In Episcopal priest Barbara Brown Taylor’s sermon on this text, she says:  “It is a rich prescription for a rich man, designed to melt the lump in his throat and the knot in his stomach by dissolving the burden on his back, the hump that keeps banging into the lintel on the doorway to God. 

“It is an invitation to become smaller and more agile by closing his accounts on earth and opening one in heaven so that his treasure is drawing interest inside that tiny gate instead of keeping him outside of it. 

“It is a dare to him to become a new creature, defined in a new way, to trade in all the words that have described him up to now – wealthy, committed, cultured, responsible, educated, powerful, obedient – to trade them all in on one radically different word, which is free”

Could it be that the opposite of rich is not poor—but free? Yet, this young man was not free to take the hand of Jesus because his hand was too full of stuff and his love of his many possessions.  Being “rich” may have less to do with how much money we have and more to do with our attitude about the money we have and our sense of gratitude for it and our use of it to even in some small way build the Kingdom of God in our midst.

The rich young ruler in not just rich, he is also good. He is spiritually ambitious as well as materially well off. Isn’t that what most good people aspire to be? But he lacked one thing according to Jesus. Was it, perhaps, enough trust in either Jesus or himself to follow his heart? Jesus did not invite him to philanthropy, though the poor would have profited from his divestment. 

Jesus invited him to discipleship and it was that invitation that he was afraid to accept. It would have been far easier to give away his possessions than to give away himself. In freedom, Jesus lets him walk away.

“You’re asking way too much of me, Jesus” That may be what we are thinking when we hear this Gospel. This is one of the most haunting passages in the New Treatment.  I often wonder what one thing I’m lacking. Well, to be honest how many things I’m lacking and how would I respond to Jesus if he confronted me. Maybe that’s why I’m not so quick to pose the question that the rich young man did. What’s the “one thing” for you?
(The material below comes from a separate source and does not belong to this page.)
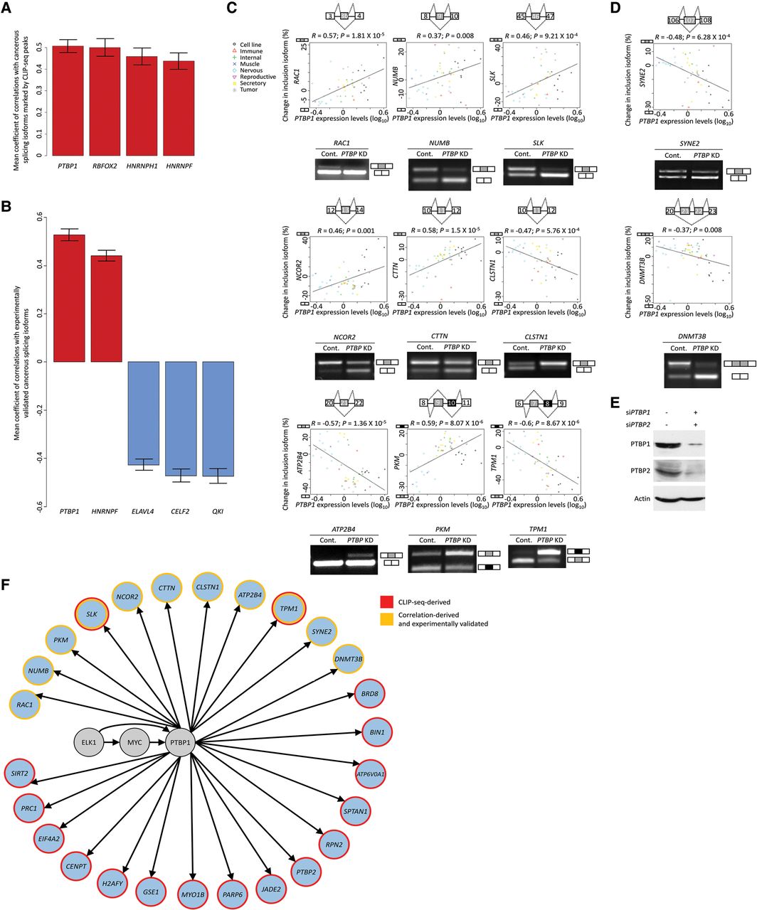 PTBP1 promotes colon tumorigenesis-triggering splicing isoforms. (A) Mean Pearson coefficients of ELK1 subnetwork alternative splicing factor gene expression correlations with splicing changes of all cancerous isoforms bound by these factors. Genes displaying fewer than five statistically significant correlations were omitted. Error bars, SEM. (B) The five highest ranking mean Pearson coefficients of alternative splicing factor gene expression correlations with the splicing changes of experimentally validated cancerous splicing isoforms. Error bars, SEM. (C,D, top) Per each alternative splicing event predicted to be regulated by PTBP1, the Pearson correlation between PTBP1 gene expression and the change in inclusion splice form across 48 human tissues and cell lines is depicted. Tissue and cell line groups are represented by different symbols. Each diagram depicts exon positions and the possible transcripts arising from the alternative splicing event. (Bottom) RT-PCR analysis of the alternative splicing event in HCT116 cells treated with either control siRNA (Cont.) or siRNA directed against PTBP1 and PTBP2 (PTBP KD) is presented as well. PKM and TPM1 RT-PCR products were digested with PstI. (E) HCT116 cells were transfected with control siRNA or siRNA directed against PTBP1 (siPTBP1) and PTBP2 (siPTBP2), and later cell extracts were subjected to Western blot analysis with the indicated antibodies. (F) Pathway connecting ELK1 with genes including PTBP1-affected and PTBP1-bound exons exhibiting splicing pattern changes in the colon tumor compared with the normal colon (genes colored light blue; other proteins are colored gray). Genes including exons derived from the analysis in B and validated in C and D are marked by yellow borders. Genes including PTBP1-bound exons are marked by red borders.

I do believe that Jesus is not telling us that we must go and sell all we have and give it to the poor. He is saying that if God is to be the fundamental reality in our lives then there can’t be any big competition. Money in the New Testament is neutral, not intrinsically good or bad. It’s how we make and spend it that can cause either health and justice or illness and greed.
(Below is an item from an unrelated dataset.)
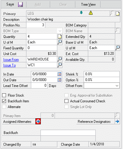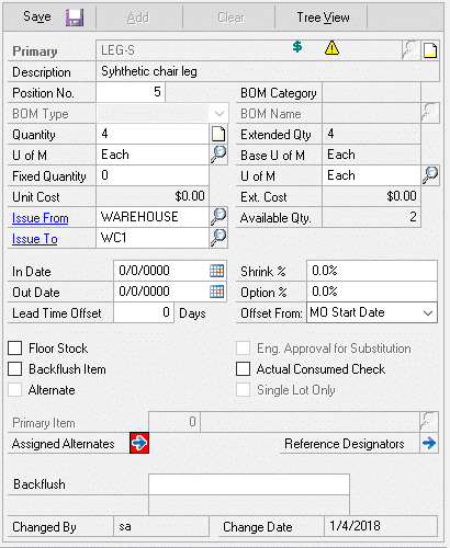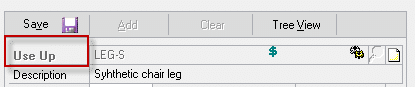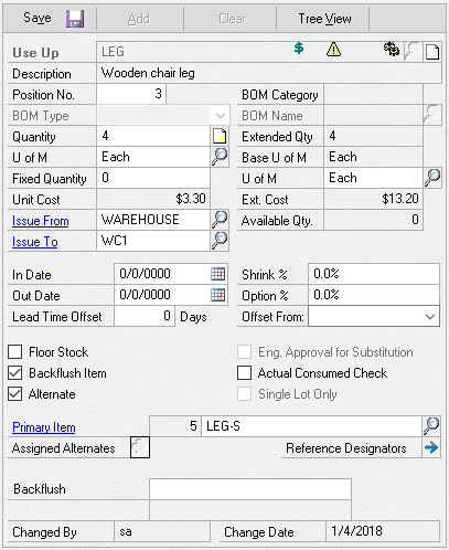 Setup for a Primary-Use Up relationship is shown above. LEG-S (Synthetic Leg) is replacing LEG (Wood Leg), however LEG should be used until it is gone from inventory. NOTE: the “Use Up” item and the “Primary” item must be equivalent in quantity and Unit of Measure. For example, both items are types of “leg” used on a chair, and both are used 4 per chair. The software will swap quantities as needed to use up the old item. Staying with the chair example, this could result in a chair that has three wood legs and one synthetic leg.

For some, the ultimate reality in life may be money, for others it may be something else. Jesus is asking the rich young man—and us—to come to terms with that.

All those who accepted the invitation from Jesus to discipleship walked away from something, not because it was a prerequisite but a consequence.  They followed and left stuff behind, not because it was bad stuff, but because it was in the way. 

At the heart of this encounter between Jesus and the rich young man is the truth that there is nothing we can do on our own to inherit eternal life or earn our way to heaven. Whether we are rich or not, it’s only through God’s grace and mercy that we get there.

No question we ask, no resistance we put forth can defeat the determination of God in Christ to have us for God’s own and to give us a life that’s worth living, a life that is lived on the foundation of loving God and neighbor rather than just getting answers to our big questions.

Some time ago, I read a story about a woman who experienced a dramatic life transformation well after midlife. She ended up changing some of her social habits and even some of her friends. “God’s grace is free,” she was fond of saying, “but it can also be very expensive.”  She wasn’t a man, and she wasn’t rich, but I think she got the message of this morning’s Gospel.

As Mark Twain once said, “It’s not what I don’t understand in the Bible that bothers me; it’s what I understand too well.”